Under the Hood

Top Diet Secrets To Improve Mental Health

There are many factors that can affect your mood (and by extension, your health) for the day, and one of them is a surprise: the food you eat. To put it this way, your brain is like a car: put in the right "fuel", such as essential vitamins and minerals, and it will function properly, protecting it from oxidative stress, which results in the production of cell-damaging free radicals.

The same is true in the opposite: fill your brain with the wrong kind of "fuel", such as those found in processed and refined food, and it will adversely affect your mental health. Substances from this "fuel" are hard to remove if they reach the brain.

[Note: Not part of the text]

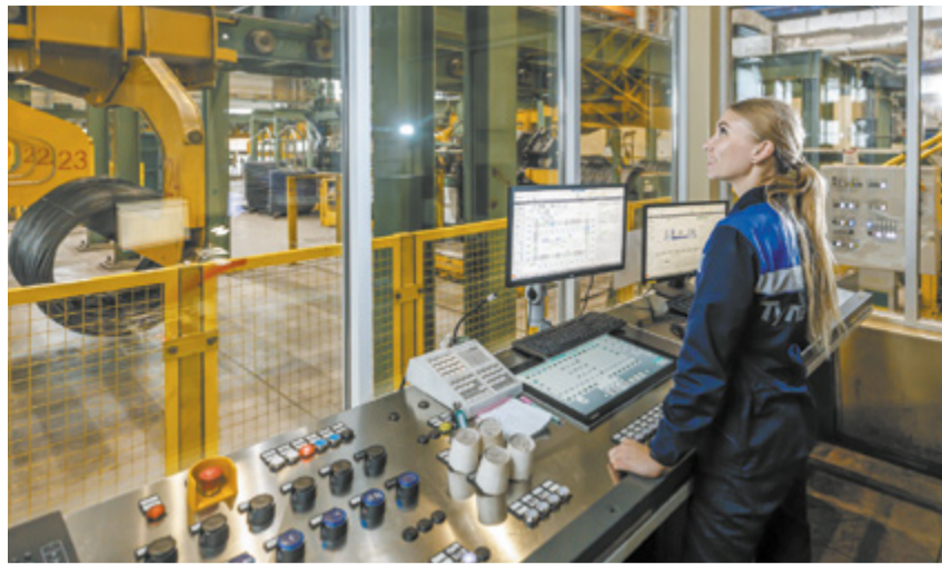
Повышение безопасности на производстве – в приоритете на всех предприятиях.

In other words, your brain is affected by the nutrient content of the food you eat. If the food consumed is rich in vitamins and minerals, it will function well if not better; otherwise, it will infect your brain with free radicals or inflammatory cells, contributing to brain tissue damage. What is interesting is that until now, this link between food and mood has not been fully acknowledged by the medical community. 

Fortunately, this is where the growing field of nutritional psychiatry comes in. It finds that there are many consequences and correlations between not only what you eat, your mood and your lifestyle and behavior, but also the kinds of bacteria that live in your gut.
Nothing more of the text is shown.